→ **TO DO**: Using the listing below, set down exactly the lines from the one that contains "25OHVD3、VE和VK1的精密度(RSD)和准确度方法验证。从表4可以" through the one that contains "Kytice Florenelle je", with no pictures.

→ **TASK DATA**:

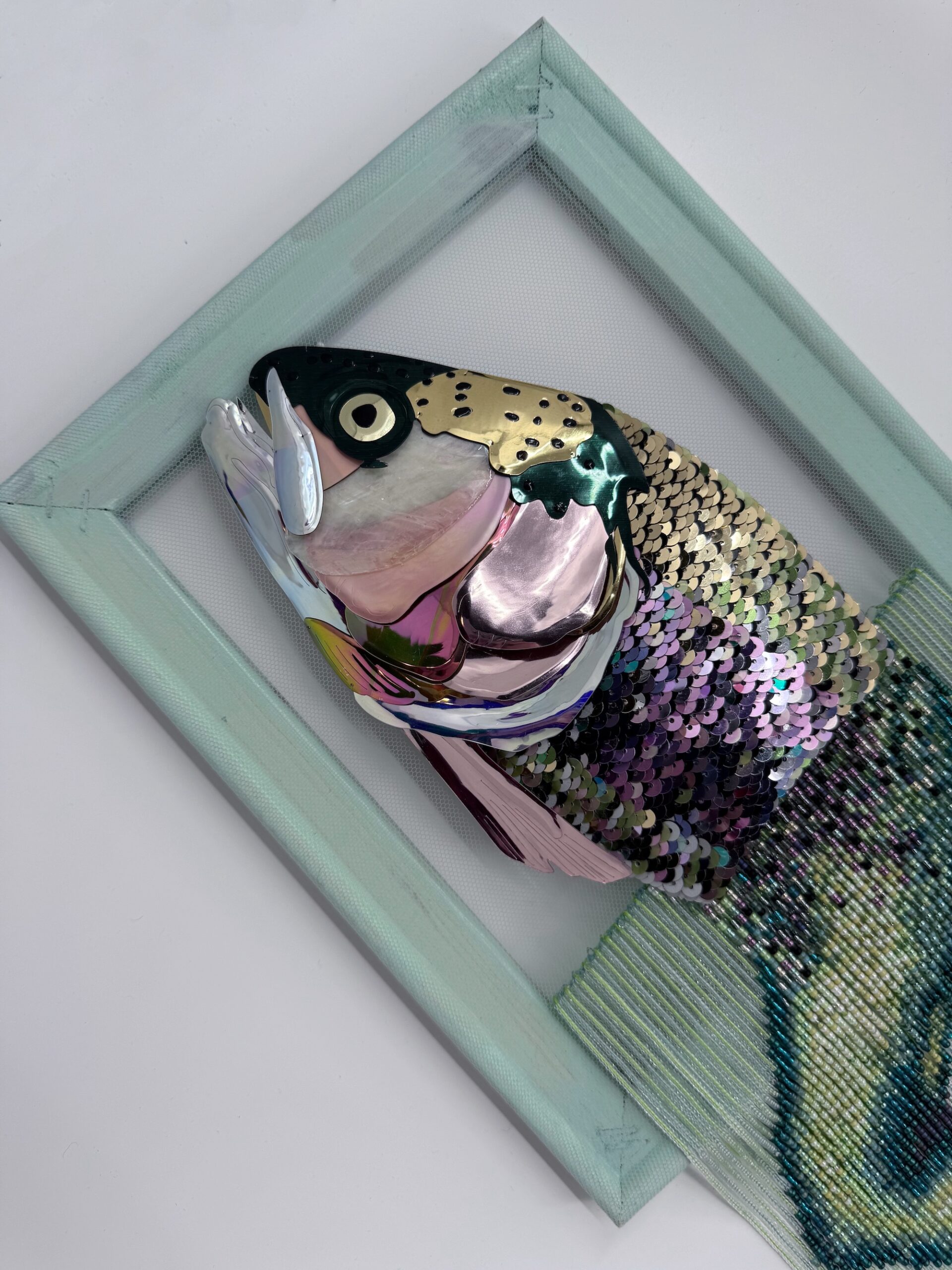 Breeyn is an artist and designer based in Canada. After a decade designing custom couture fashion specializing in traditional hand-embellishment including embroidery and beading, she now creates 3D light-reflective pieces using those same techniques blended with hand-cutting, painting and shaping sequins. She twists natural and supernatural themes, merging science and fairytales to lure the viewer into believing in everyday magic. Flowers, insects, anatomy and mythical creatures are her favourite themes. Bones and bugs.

* * *

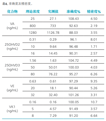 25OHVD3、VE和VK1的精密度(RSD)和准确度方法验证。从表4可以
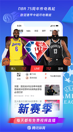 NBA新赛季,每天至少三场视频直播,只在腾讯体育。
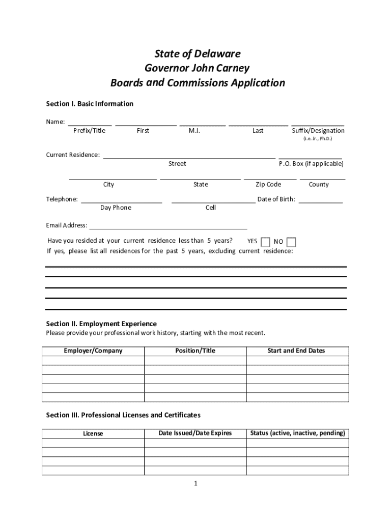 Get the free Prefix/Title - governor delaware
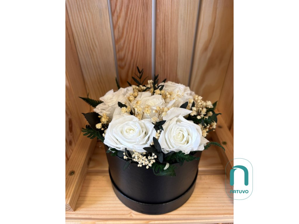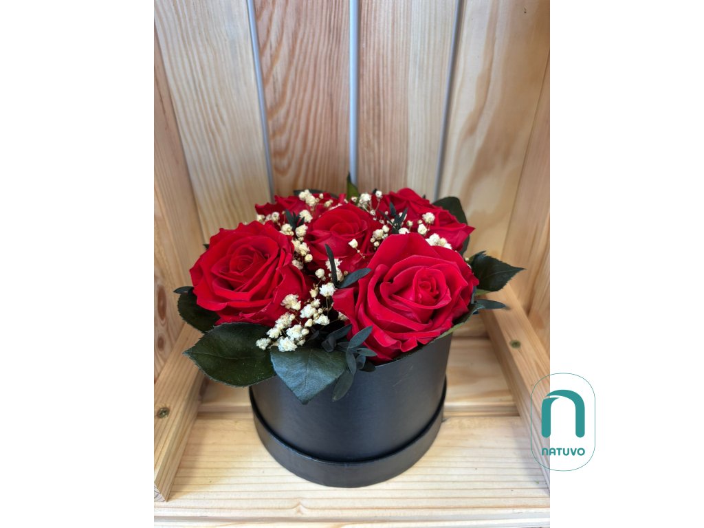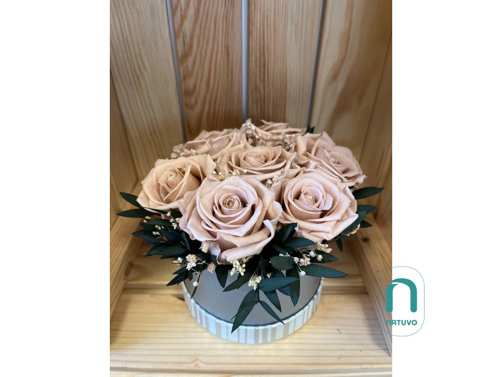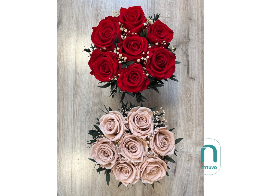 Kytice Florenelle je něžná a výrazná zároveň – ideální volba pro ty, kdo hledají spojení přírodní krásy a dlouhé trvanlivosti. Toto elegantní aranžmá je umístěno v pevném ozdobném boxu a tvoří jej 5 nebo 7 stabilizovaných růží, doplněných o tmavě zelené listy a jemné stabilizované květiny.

→ **REPLY TO THE TASK**:
 25OHVD3、VE和VK1的精密度(RSD)和准确度方法验证。从表4可以
 NBA新赛季,每天至少三场视频直播,只在腾讯体育。
 Get the free Prefix/Title - governor delaware
 Kytice Florenelle je něžná a výrazná zároveň – ideální volba pro ty, kdo hledají spojení přírodní krásy a dlouhé trvanlivosti. Toto elegantní aranžmá je umístěno v pevném ozdobném boxu a tvoří jej 5 nebo 7 stabilizovaných růží, doplněných o tmavě zelené listy a jemné stabilizované květiny.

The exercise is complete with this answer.